In Japan, the incidence of infectious disease has been monitored at medical institutions through official national surveillance of infectious diseases based on the Law for the Prevention of Infectious Diseases and Medical Care for Patients of Infections by Ministry of Health, Labour and Welfare (MHLW). Hereinafter, we designate this surveillance system as NOSSID. Cases of almost all common pediatric infectious diseases in NOSSID have been reported from only 3000 sentinel medical institutions, collectively accounting for only about one-tenth of all pediatric medical institutions. Moreover, because the number of patients with each infectious disease per sentinel in the last week is published once a week (every Friday at noon), this report has been published with a 7 - 10 day delay. The sentinel medical institutions for these diseases have allocated pediatric hospitals and clinics. Therefore, these reports might not include information for adults and elderly patients or might heavily underreport that information.
Several studies have examined surveillance methods to detect infectious diseases early, without waiting for a diagnosis by a doctor. Prescription Surveillance (PS)    has been operated by the Japan Medical Association, Japan Pharmaceutical Association,
This system mainly monitors prescriptions from hospital or clinics which use Application Service Provider for medical claim in pharmacies through safe internet connection. The collected data represents the number of prescriptions made, classified into therapeutic categories as described below. Therefore, the collected data include no personal information. Data related to the number of prescriptions are extracted automatically and analyzed daily.

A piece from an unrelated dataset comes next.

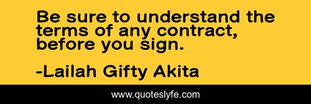 This page presents the quote "Be sure to understand the terms of any contract, before you sign.". Author of this quote is Lailah Gifty Akita. This quote is about terms, advice, contract, sign, understand, inspirational, enthusiasm, wisdom,.

In this system, the numbers of patients were estimated from the number of prescriptions for neuraminidase inhibitors, anti-varicella-herpes-zoster virus (VZV) drugs, antibiotic drugs, antipyretic analgesics, and multi-ingredient cold medications by prefecture each day. The numbers of patients with neuraminidase inhibitors or anti-VZV drugs were classified by three age groups: children younger than 15 years old, and adult younger than 64 years old, and elderly people over 65 years old. Moreover, antibiotics were classified into five types: penicillin, cephem, macrolide, new quinolone, and others  . These drugs were chosen to identify clusters of rash, fever, or digestive symptoms to detect bioterrorism attack, emerging/remerging diseases, or mass food poisoning. Particularly, because anti-VZV drug is a drug for varicella and zoster, a cluster of this drug in adult with no cluster in children or elderly people represents a signal of small pox  . The following morning, these data are presented on a web page (http://prescription.orca.med.or.jp/syndromic/kanjyasuikei/) the following morning.
To overcome the shortcomings of NOSSID described previously, i.e. delay and underreporting, we checked the predictive power of PS for NOSSID. If it is confirmed as having sufficient power, then we can suggest use PS to recognize real-time situations. Especially, this study assesses the predictive capability of the incidence of common pediatric infectious diseases other than influenza, varicella, and gastroenteritis infectious (GI) from PS. Influenza, varicella, and GI were excluded because the numbers of patients with influenza, varicella, and GI had been predicted precisely in real-time by PS; part of this information is announced to the public through the web      . If one can confirm the precision of the prediction, then the estimated number of patients from PS might be useful for providing real-time and precise information about the incidence of infectious diseases other than influenza, varicella, and GI. We examined the incidence of RS virus infection (RS), pharyngoconjunctival fever (PCF), group A streptococcal pharyngitis (A-SP), hand, foot and mouth disease (HFMD), erythema infectiosum (EI), exanthem subitum (ES), herpangina, and mumps. Even if no specific drug for a disease or one-to-one correspondence exists between a drug and disease, we examined the potential feasibility of the information in PS that predicted the number of patients with a type of infectious disease.
2. Materials and Methods
PS estimates the numbers of patients by multiplying the reciprocal of the participation rate of pharmacies to PS, and the reciprocal of the proportion of external prescription in the prefecture to the total number of prescriptions in the prefecture. The numbers of patients who received neuraminidase inhibitors, anti-VZV drugs, antibiotic drugs, antipyretic analgesics, multi-ingredient cold medications, and antidiarrheal and intestinal drugs at an external pharmacy were recorded.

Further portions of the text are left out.